And yes, I actually mean bare metal as in “no operating system”. When I first got the idea to tinker with WASM it was due to my interest in Rust. Being an embedded software developer I naturally wanted WASM to run on an embedded platform. There already is a runtime that does this, but it is written in C, which I loathe and also has no testcoverage to speak of.
So, I set out to write a WASM runtime for Cortex M4 machines with as little as 96 KiB of RAM.
Constraints:
- I assume, that I will execute the majority of the code from flash to conserve RAM
- The runtime will not use any dynamically allocated memory, all memory shall be provided by the hosting app
- It will be written in Rust in a no_std environment
First steps: The darn format
One could think that a format as well supported as WASM should be very well specified – however, the documentation for the WASM binary format, while complete, is lackluster. The information needed to parse a file is littered in a host of webpages, which makes finding anything a pain in the butt. And even then, the documentation somewhat lacks in clarity, allthewhile being – IMHO – overly formal. It took me a good while to actually figure out the anatomy of a WASM file. But, right of the bat, another problem was so solve:
Allocations, allocations, allocations…
…are verboten. This is due to me working in a no_std environment, where – by default – no allocator is available. The hosting app is supposed to supply me with all the memory I need, that means:
- A bunch of bytes to store my state.
- The RAM available for the WASM program.

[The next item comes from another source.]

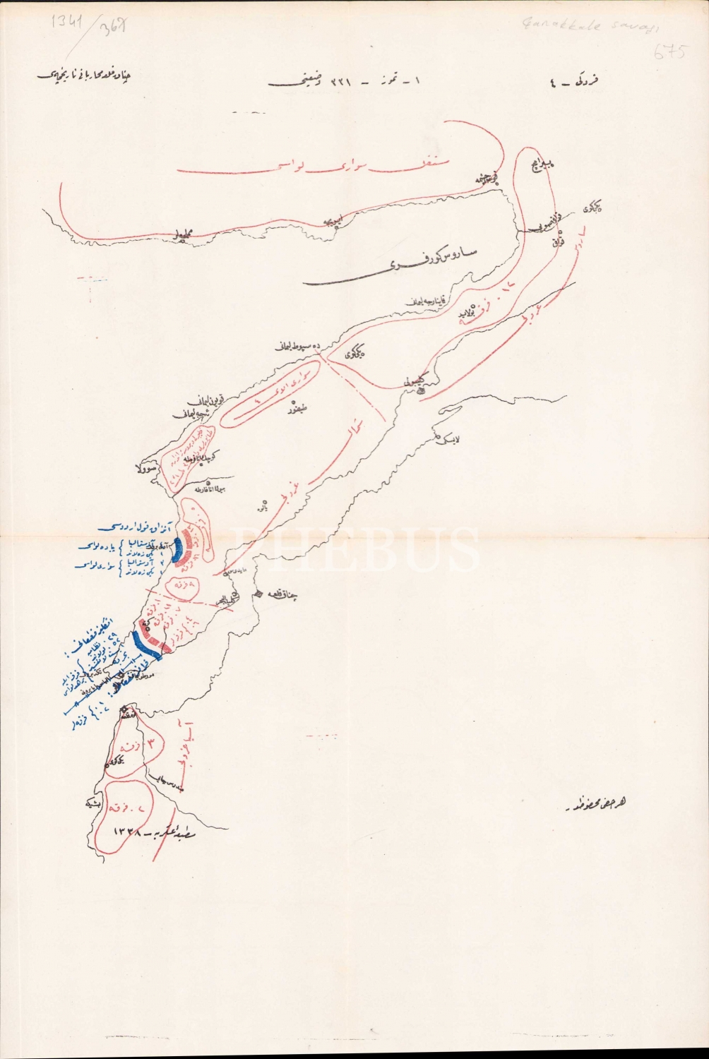Osmanlıca Çanakkale Savaşı krokisi, 27x20 cm

- Some place to store the interpreter stack
The former is pretty simple, I’ll just accept a pointer to a static array. The latter two however pose a problem, as I will usually not exactly know how much memory I need, as this will actually depend on the WASM file in question. For now, I resort to extracting as little data from the file as possible by only retrieving the locations of all sections in the file – I hope I’ll be able to actually parse the sections when needed. Essentially I’ll try to execute from flash as much as possbible and only keep some lookup table in RAM. This will no doubt hurt performance in the long run, however I’m just in this to see if I can actually pull this off, so there’s no need for stellar performance.
Getting a bare-bones version to run
After much cursing I finally got to a point where I have a very crude version of a wasm binary parser, that is able to resolve the correct codesection for a given export. Horray. For now I’ve stuck to using fixed size buffers for all elements (which is obviously a bad idea), however, I might actually get around that as:
- I do not really need to keep the tables in RAM, a lot of the interesting tables have fixed entry sizes, which allows direct access if I know the index, meaning I can do this from flash and only need the start address of the respective table.

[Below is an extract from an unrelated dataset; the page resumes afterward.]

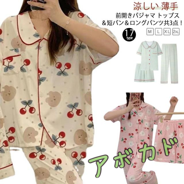 | 前開きパジャマ トップス&短パン&ロングパンツ共3点! テーラー襟ですっきりとした前開きタイプです。前開きなので着脱も楽ちん! 吸湿・通気性に優れており、汗をかいてもサラっとして快適です。 薄手だから、暑い夏でも快適に過ごせます。ゆったりシルエットで着心地ラクチンです。 | |

- For performance reasons I will probably keep the indices of the codesegment in memory, so I can easily lookup functions (see last section).

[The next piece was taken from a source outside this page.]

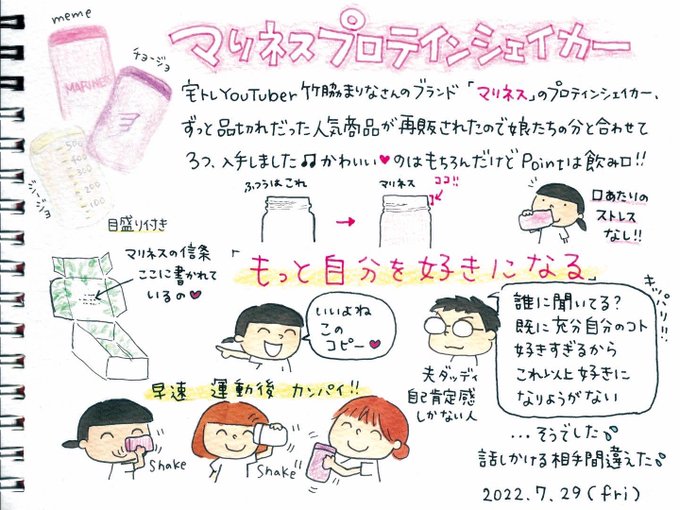 かわいいプロテインシェイカーを入手して宅トレモチベを上げました。 3枚目と4枚目の画像はジージョが撮影したもの。 #絵日記 #ダイエット #宅トレ #宅トレ女子 #マリネス #マリネスプロテインシェイカー #マリネスプロテイン2週間チャレンジ #マリネスプロテイン #もっと自分を好きになる #イラスト

The biggie, still looming: I might not get around the need for an allocator. I actually might end up writing my own allocator to only manage the memory assigned to the runtime by the hostprogram, as I don’t want to set a global allocator. This will also effectively compartmentalize the memory of a given module as well.
Also: Since I’ve only been toying (and will be for some time to come), I guess I will have a major overhaul at some point, in order to acutally get the thing to run on the M4. Until now I’ve been toying in an environment which is close to the M4 but still runs my desktop.
What’s next?
As mentioned I’ve got something that somewhat resembles a binary parser and also have implemented a handful of opcodes. For now this shall suffice and I’ll work towards deploying the thing towards the M4.